Today’s key points are twofold: how the US dollar index moves (a soft landing supports the dollar, suppressing silver prices), and whether the Federal Reserve signals any new divergence in policy. The flow of funds in European and American markets will determine the final direction during the day.
Technical overview: The 4-hour Bollinger Bands are narrowing, prices are oscillating around the middle band, MACD green bars are converging, and KDJ is turning at low levels—indicating short-term downward momentum is waning, and a direction should be chosen. The daily chart still shows a bullish arrangement, with EMA50 providing dynamic support; the main trend remains bullish, and the correction is just a high-level pause.
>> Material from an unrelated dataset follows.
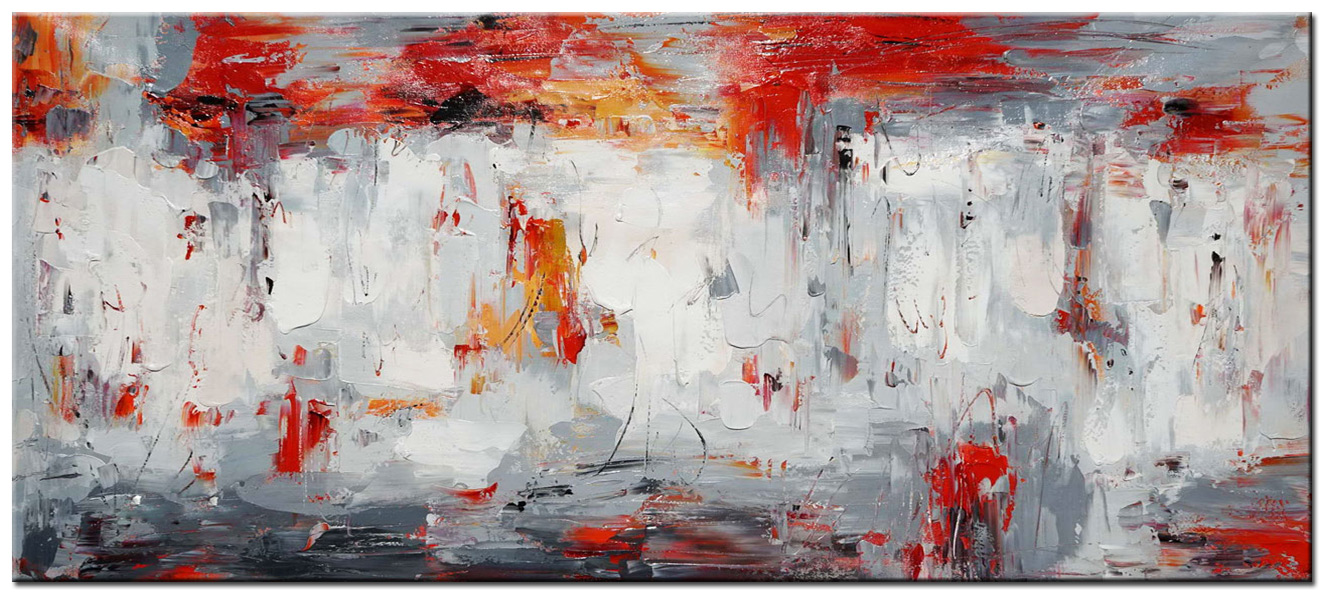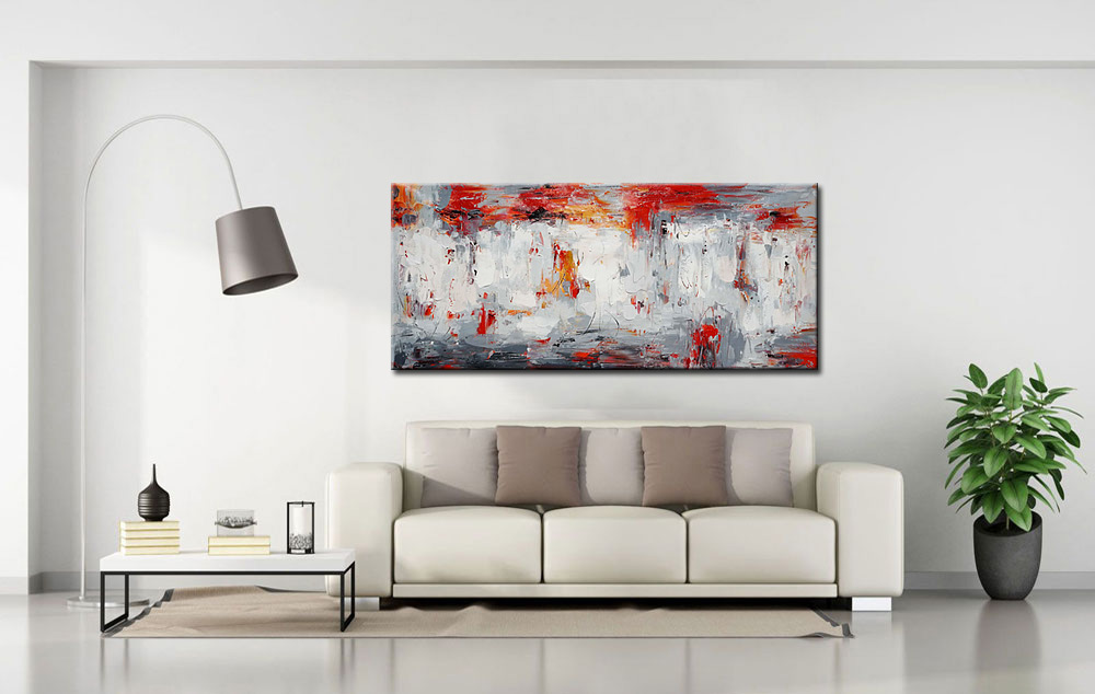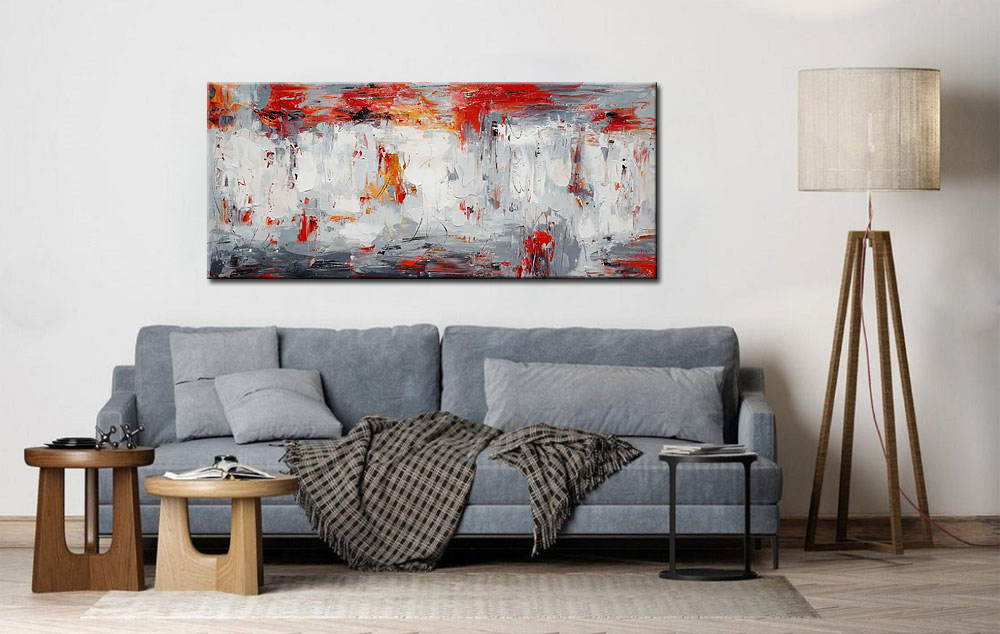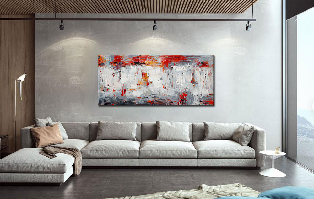 Dit grote abstracte schilderij is perfect voor wie zijn woonkamer, eetkamer of kantoor wil verrijken met een krachtig kunstwerk. De rode accenten brengen energie en passie, terwijl de grijze en witte tinten rust en balans toevoegen. Het resultaat is een boeiende compositie die emoties oproept en tegelijkertijd harmonie uitstraalt.
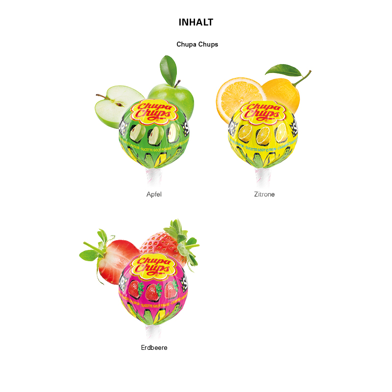 Chupa Chups Kugel Lolly Sour in Werbebox aus weißem Karton, individuell bedruckt. Inhalt: 1 Chupa Chups Kugel Lolly sour, Fruchtmischung (Apfel, Erdbeere, Zitrone) 12 g

**Key support**: 88.0-88.5
**Key resistance**: 92.0-92.8
**Long position strategies**
Conservative: Buy on pullback to 88.5-89.0, with stop-loss at 87.8. Targets at 91.5-92.0, and further up at 92.8-93.0.
Aggressive: If it unexpectedly dips to 86.5-87.0 (but not below 86), add a small long position with stop-loss at 85.8, same targets. This is a bet on a strong rebound from the lows.
**Short-term wave trading strategy(**
Short at 92.2-92.8, with stop-loss at 93.8. First target at 90.5-91.0, then at 89.5-90.0.
**Important reminder**: Never chase shorts below $88. The medium-term bullish pattern is clear; opening short positions at lows is a paradox of odds.
Breakout strategies: If the price effectively surpasses the new high of 93.75, immediately switch to long positions, targeting above 95; if it breaks below strong support at 86, do not rush to buy, look for shorts at 84.5-85. If silver stabilizes above 90 after the European session opens, the bullish recovery can be confirmed; conversely, if it remains below 89 during European trading, be alert for a second dip.